Thanks to the ikamet, I’m able to return home or travel elsewhere without the worry of having an expired e-visa. With part-time and remote work, a new reality sealed by COVID-19, and the strength of the American dollar to the Turkish lira, I’m dually able to sustain my obligations in New York City while “living” here, with extra time to discover Turkey’s delights.

During downtime, while in Istanbul’s lockdown, I’ve spent my time perfecting my Turkish with a close friend on Zoom and studying with children’s books, learning more and more about Istanbul (a city nearly three times the size of New York) and reflecting on how much my time here has unexpectedly impacted and changed me. Connection to other cultures and self is a huge part of what makes travel so transformative.

I’m truly grateful for the Turkish friends I know and have met along the way, who have welcomed me with their warm arms and never-ending smiles, unequivocally offering me the grandest gestures of help, ranging from helping me with my ikamet application, offering instantaneous translation help when I was in a jam or accompanying me to hospital visits.
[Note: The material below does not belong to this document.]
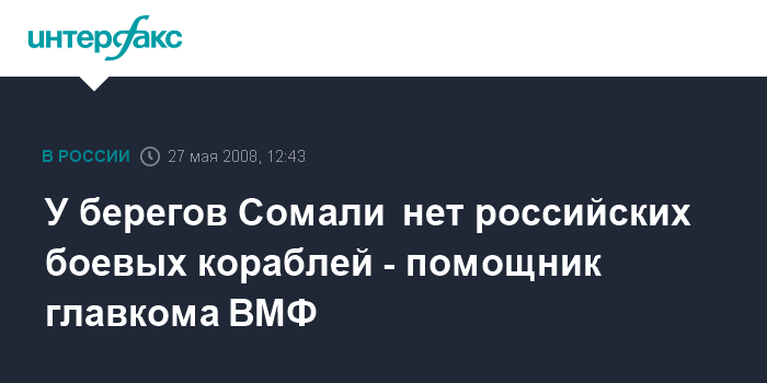 "Если бы подобный инцидент произошел в районе, где присутствуют российские корабли, или в районе, расположенном в непосредственной близости к местам базирования кораблей ВМФ, мы бы немедленно откликнулись на просьбу о помощи", - сказал помощник главкома ВМФ, Добавив, что "в настоящее время ВМФ России не может в одночасье оказаться в проблемных районах. Сейчас идет активный процесс восстановления присутствия российских боевых кораблей в различных регионах Мирового океана".
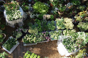 一度、レッスン用の苗を庭に出し、水のチェックと花柄摘み・風と日光に当てます♪

Part of why I couldn’t imagine leaving yet is quite simply because of them. I’m still sorting out my “life” here, a reality I could never dream of back in February when everything was turned upside down. But willingly letting myself get lost was what I needed to shift my perspective, and reminded me that life doesn’t cease in offering us new and enriching opportunities. And undoubtedly, Turkey is the perfect place to lose oneself.